## Problem description
The result should be a full, exact repeat of the entries, free of pictures.
Input START
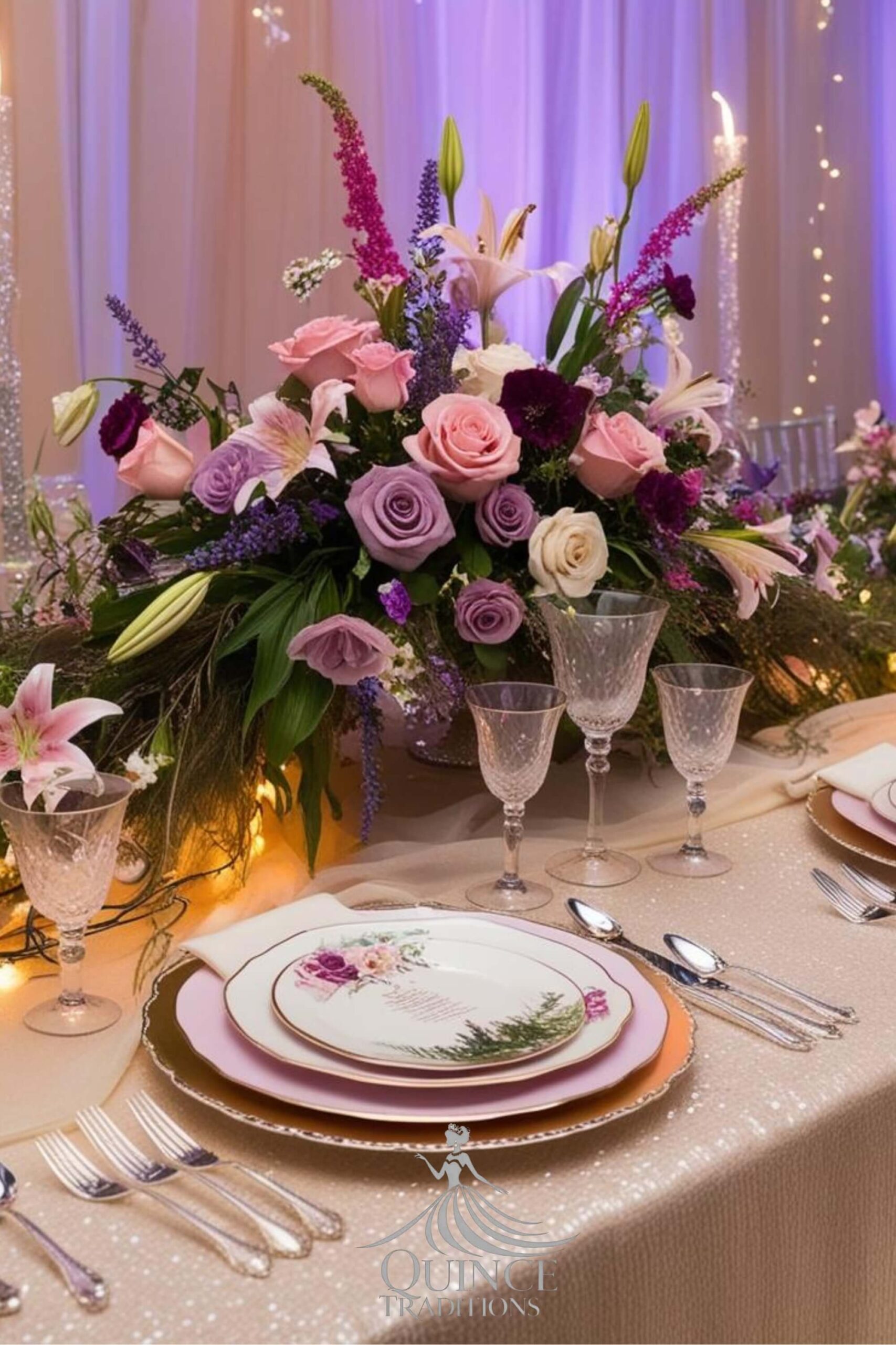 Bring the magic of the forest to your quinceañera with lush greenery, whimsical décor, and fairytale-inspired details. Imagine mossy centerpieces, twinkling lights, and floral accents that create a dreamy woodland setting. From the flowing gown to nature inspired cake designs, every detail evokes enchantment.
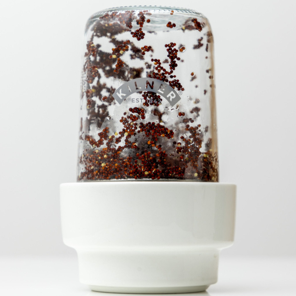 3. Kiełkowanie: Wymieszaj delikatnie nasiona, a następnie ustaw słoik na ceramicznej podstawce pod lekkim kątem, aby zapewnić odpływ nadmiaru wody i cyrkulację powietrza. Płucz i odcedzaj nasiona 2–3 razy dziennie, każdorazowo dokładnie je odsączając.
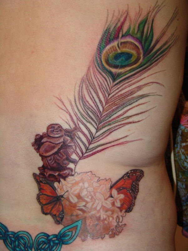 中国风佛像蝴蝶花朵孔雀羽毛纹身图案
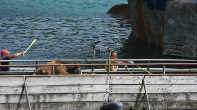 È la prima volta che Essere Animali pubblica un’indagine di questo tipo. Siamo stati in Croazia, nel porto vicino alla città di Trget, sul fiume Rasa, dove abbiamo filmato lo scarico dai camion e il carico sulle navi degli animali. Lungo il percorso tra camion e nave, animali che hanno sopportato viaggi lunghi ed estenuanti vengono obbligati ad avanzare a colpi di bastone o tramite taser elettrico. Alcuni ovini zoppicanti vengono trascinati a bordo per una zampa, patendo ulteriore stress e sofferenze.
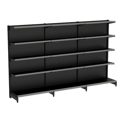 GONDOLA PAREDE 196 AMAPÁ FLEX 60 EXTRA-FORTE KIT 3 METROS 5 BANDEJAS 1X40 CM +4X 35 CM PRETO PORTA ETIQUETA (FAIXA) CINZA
Input END
## Result
 Bring the magic of the forest to your quinceañera with lush greenery, whimsical décor, and fairytale-inspired details. Imagine mossy centerpieces, twinkling lights, and floral accents that create a dreamy woodland setting. From the flowing gown to nature inspired cake designs, every detail evokes enchantment.
 3. Kiełkowanie: Wymieszaj delikatnie nasiona, a następnie ustaw słoik na ceramicznej podstawce pod lekkim kątem, aby zapewnić odpływ nadmiaru wody i cyrkulację powietrza. Płucz i odcedzaj nasiona 2–3 razy dziennie, każdorazowo dokładnie je odsączając.
 中国风佛像蝴蝶花朵孔雀羽毛纹身图案
 È la prima volta che Essere Animali pubblica un’indagine di questo tipo. Siamo stati in Croazia, nel porto vicino alla città di Trget, sul fiume Rasa, dove abbiamo filmato lo scarico dai camion e il carico sulle navi degli animali. Lungo il percorso tra camion e nave, animali che hanno sopportato viaggi lunghi ed estenuanti vengono obbligati ad avanzare a colpi di bastone o tramite taser elettrico. Alcuni ovini zoppicanti vengono trascinati a bordo per una zampa, patendo ulteriore stress e sofferenze.
 GONDOLA PAREDE 196 AMAPÁ FLEX 60 EXTRA-FORTE KIT 3 METROS 5 BANDEJAS 1X40 CM +4X 35 CM PRETO PORTA ETIQUETA (FAIXA) CINZA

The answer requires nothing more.